Unter «Alaaf»-Rufen säumten in Köln Hunderttausende Kostümierte die Strecke des Rosenmontagszugs, der in diesem Jahr wegen des Einsturzes des Stadtarchivs eine etwas geänderte Route nehmen musste. Das Unglück und der möglicherweise damit zusammenhängende Pfusch beim Bau der Nord-Süd-Stadtbahn war eines der Themen des Umzugs, der politischer und pointierter als in den Vorjahren war. Nachdem bekanntgeworden war, dass an der U-Bahn-Baustelle Heumarkt über 80 Prozent der vorgesehenen Sicherungseisen nicht eingebaut worden waren, wurde dieses Thema gleich noch auf einem der Mottowagen aufgegriffen.

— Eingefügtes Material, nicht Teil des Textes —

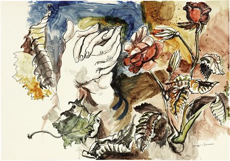 Data, firma e titolo in basso a destra: 10-8-64 / Guttuso / Omaggio a Grünewald. -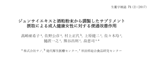 じゅんさいと酒粕の便通改善作用が生薬学雑誌に受理されました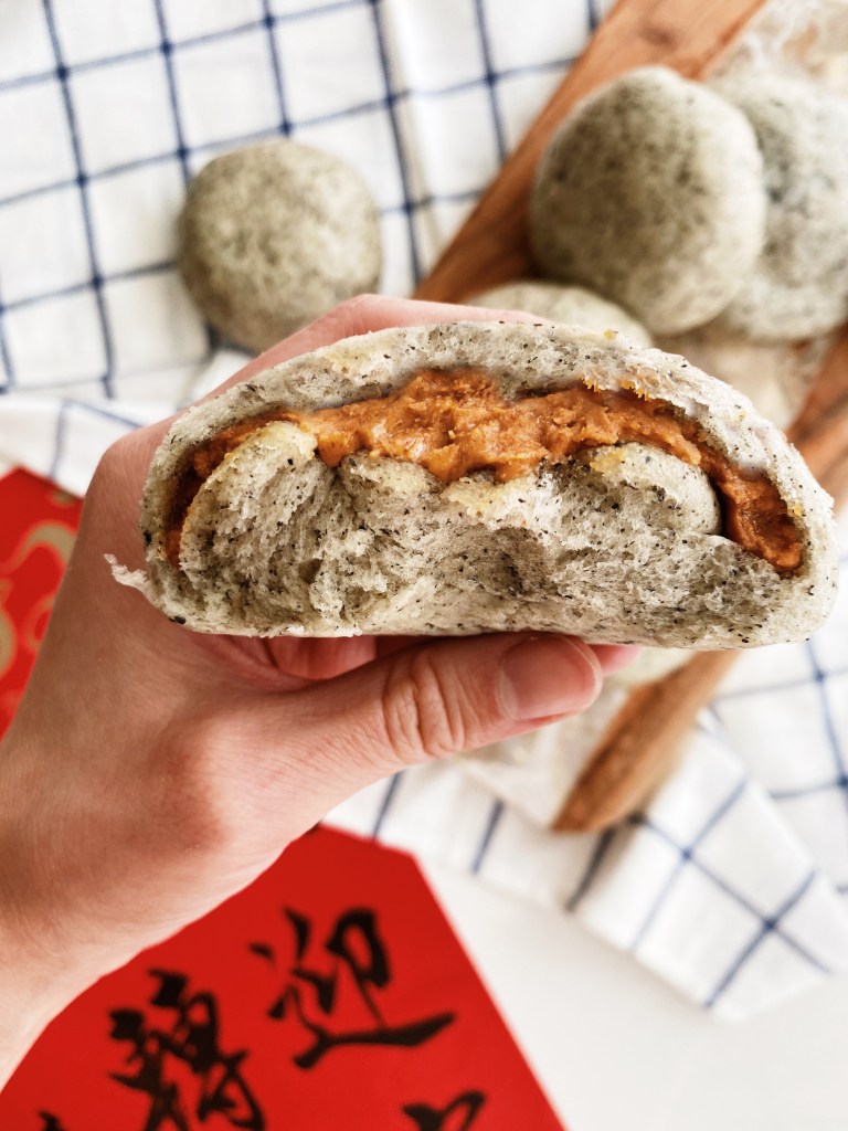 記得小時候過年期間必吃的零食之一芝麻糖、花生糖,現在隔離期間吃不到,我就用芝麻粉來做成芝麻包!少了傳統芝麻糖的硬和黏牙,多了像流沙般的芝麻內餡和包子皮的鬆軟香甜!大口咬下去包子口感紮實、芝麻的香氣超濃郁,我不愛芝麻糊,但芝麻湯圓或是做成芝麻包子很可以~🤤

Obwohl zuletzt weitere Details über Bauschlamperei an dem unterirdischen Großprojekt bekanntgeworden waren, hatte die Stadtspitze die Rosenmontagsroute für unbedenklich erklärt. Auch die Jecken, die nahe der offenbar besonders mängelbehafteten Baustelle am Heumarkt feierten, blieben jedenfalls gelassen. Ein Pirat zitierte ungerührt das «kölsche Grundgesetz»: «Et hätt noch immer jot jejange - Es ist noch immer gut gegangen».

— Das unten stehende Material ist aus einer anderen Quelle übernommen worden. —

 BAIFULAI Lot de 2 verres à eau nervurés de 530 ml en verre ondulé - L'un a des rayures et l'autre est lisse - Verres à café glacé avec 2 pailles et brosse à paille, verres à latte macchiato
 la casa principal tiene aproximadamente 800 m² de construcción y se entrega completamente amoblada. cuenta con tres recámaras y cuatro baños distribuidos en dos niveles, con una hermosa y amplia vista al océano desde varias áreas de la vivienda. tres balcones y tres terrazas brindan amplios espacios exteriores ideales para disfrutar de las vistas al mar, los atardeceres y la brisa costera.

Seine Begleiterin, eine «Motorradbraut», sagte: «Man kann ja auch im Schlafzimmer vom Bett erschlagen werden. Da mache ich mir keinen Kopp - schon gar nicht am Rosenmontag.» Ein anderer Jeck, der sich passend zu seinem Kostüm als «Homer Simpson» mit reichlich Dosenbier eingedeckt hatte, wunderte sich nicht: «Dat is Kölle! Mal ehrlich, wer hat denn ernsthaft geglaubt, dass beim U-Bahn-Bau nicht geklüngelt würde?

Prominenz an Bord
Allerlei Prominenz wie Comedian Dirk Bach, Ministerpräsident Jürgen Rüttgers (CDU) und Regisseur Sönke Wortmann fuhren im Kölner Rosenmontagszug mit. An der Strecke wartete der mit einer «Pappnas» versehene BAP-Sänger Wolfgang Niedecken. Der studierte Maler, der bislang als Kritiker des organisierten kölschen Karnevals galt, hat zwei Motivwagen gestaltet, die sich mit der Armut in Afrika befassen.

Auf einem weiteren Wagen versank Italiens Ministerpräsident Silvio Berlusconi förmlich in einem Meer von Brüsten, während auf einem anderen Motiv - in Anspielung auf das Schweizer Minarettverbot - die Muslime mit Alphörnern vertrieben wurden. Ein Umzugsgespann zeigte gierige Bankmanager als wiederkehrende Zombies, während ein anderes Festmotiv den deutschen Fußball im Bestechungssumpf versinken sah.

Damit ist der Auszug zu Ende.